Leaving the ward, two things I realised I’d newly acquired were A. a hypothetical diagnosis and B. my mum’s grief/mistrust towards me.
The first hit me right off the bat, and would continue to do so as therapy progressed and more issues came to the surface. Medications helped stabilise the highs and lows \, but writing in to the Dependant Protector Scheme for insurance coverage very surely did not.
Wisely, or not, my mum and I had also made a deal. I wouldn’t self-harm and in exchange she would concede to my request and find a place for me to get enough breathing room to recoup, before moving back in with my family. The deal didn’t work only because we had an awesome honeymoon period in which I stopped harming; but once things settled down I was obliged to move back home.

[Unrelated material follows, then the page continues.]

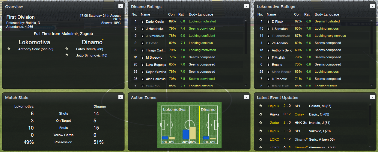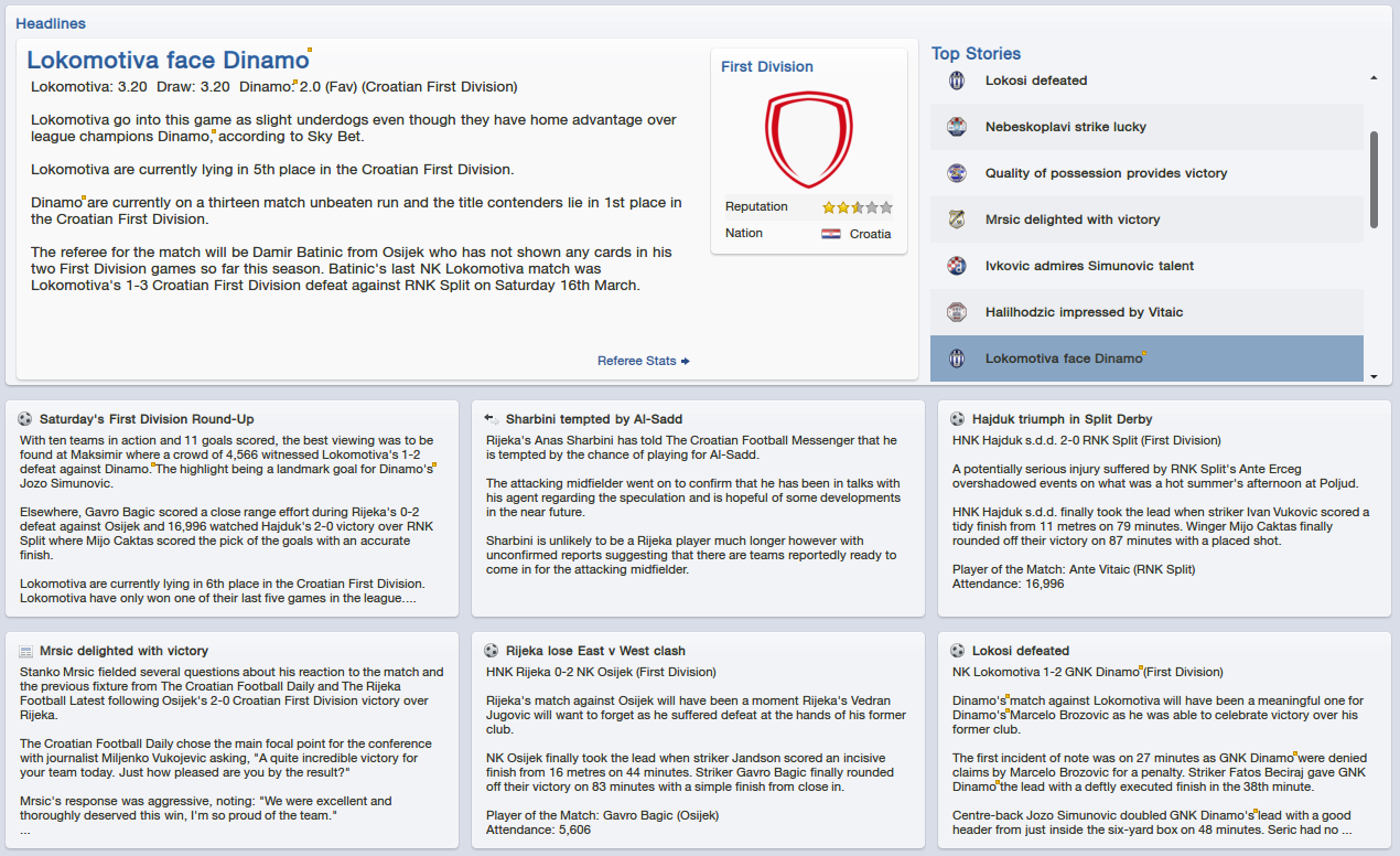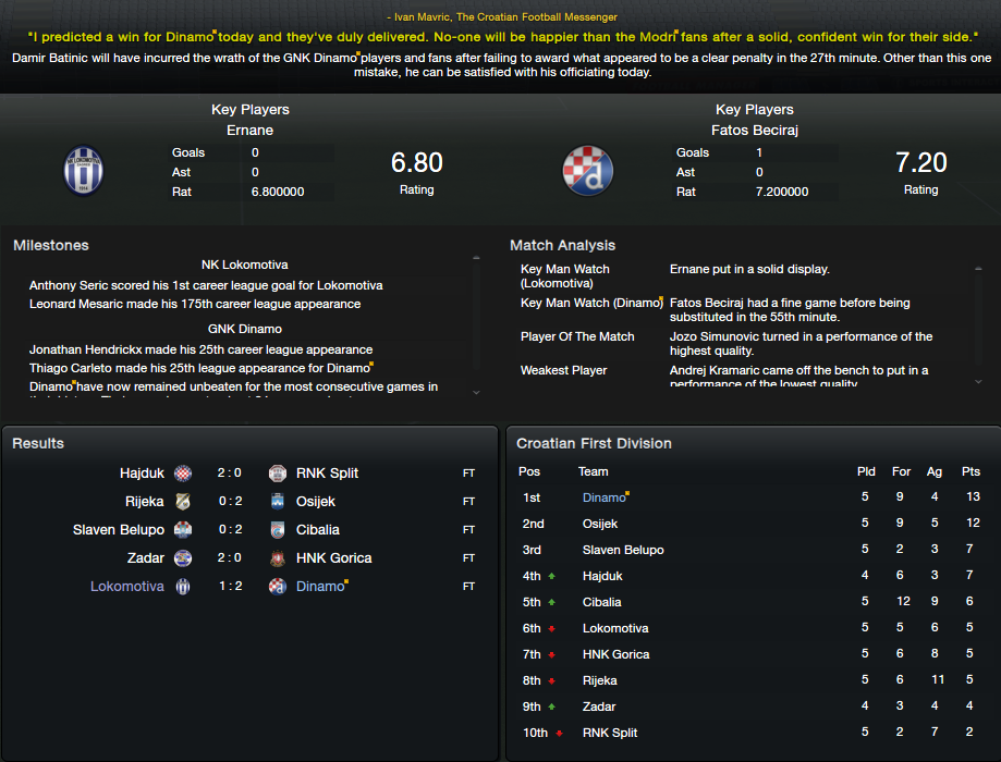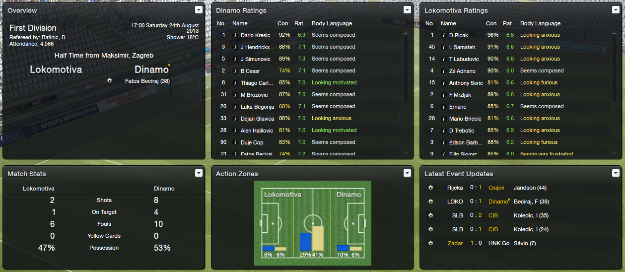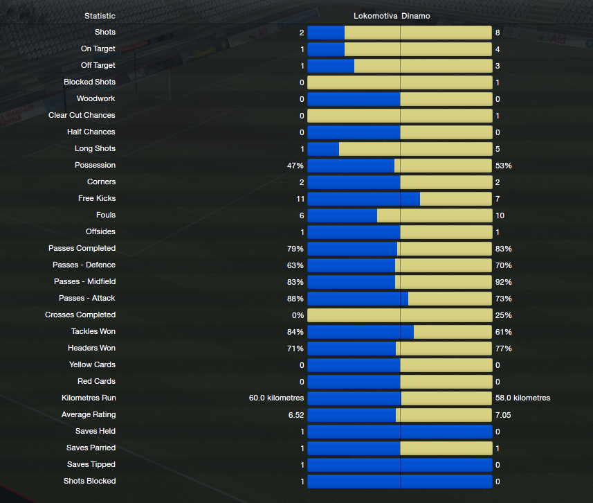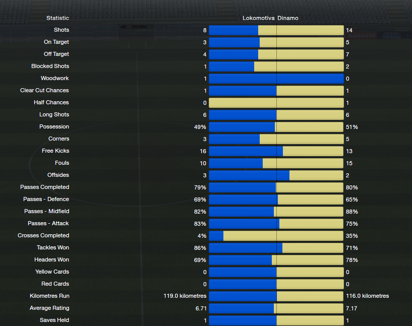 Then moving more forward, we playing against one of the great team and we get two goals with players which are not under 25... So i do not understeand why they shit on every aspect of Dinamo and callit their's and its not of course... oh btw.. tickets was free... so its not strange than whole stadium was full... but when you need to pay emptpy stadium. We are doing hard as we can, going from one trouble to next and fans are destroying blessed club by blessed peoples and with words it just came to question are they want keep Dinamo motivated when playing against such a hard team or will mix in the shit which they do not udersteand. Football is big mess when you get into details and than me, who was picked from street need lisen that. First i am on drugs and i sayed that one hundred times probalby and then i must watch my players lisening shit on peoples who gived them oportunity and other to be in glory club which will be. Main problem is that that other teans where doing all to crash and steal Dinamo, even with ice cream (this is not joke). So i think that West need to be more tough on them because they do not understeand its demotivation for players. So i giving moral, they broking it on match and on the end you get nothing and players doing all they can, and showing great potential how much far we can go.

It wasn’t either of our faults. My mum was genuinely shocked to discover this self-destructive side of me that she’d never known. And I was still desperately seeking release from the pent up emotions and couldn’t get my needs met in healthier ways. Essentially it perpetuated our mother-daughter cycle of trust and mistrust, acceptance and grief, letting go and hanging on, push and pull, yes and no and silence. Silence from anger, hurt, betrayal, from not knowing how to help, from being told to leave off, from not caring, caring too much, and from just being so so confused.
Recently, my mum read some of my journal entries together with my dad, without me. I guess I feel left out that they’d resorted to reading them rather than communicating directly with me… I would have told them about the suicidal thoughts and impulsive urges. Maybe I would have felt safe enough to approach them for acceptance and understanding, even.
I masked my truths with more lies. Because they’d gotten hold of too much too fast, and it made me felt vulnerable and shy. But lying made me feel so guilty too. Like I’m feeding upon my mum’s deep grief over losing the daughter she thought she knew and making light of her newfound ‘acceptance’ of me. She deserves so much more than this. This me that’s unable to decide what I want from her, what I’m hurting from, what she can do to help. I want to say, “Mummy I need you, anything you have for me I’ll take” But I’m an onion with too many layers to peel. She doesn’t have the emotional capacity to tend to me, and I don’t have the strength to tear down my own defences to let her in.
So here we are again, fighting so hard against the backward pull of misunderstandings, miscommunications, and misdeeds that constantly threaten to wind-sweep us out into the vast chasm of disconnection.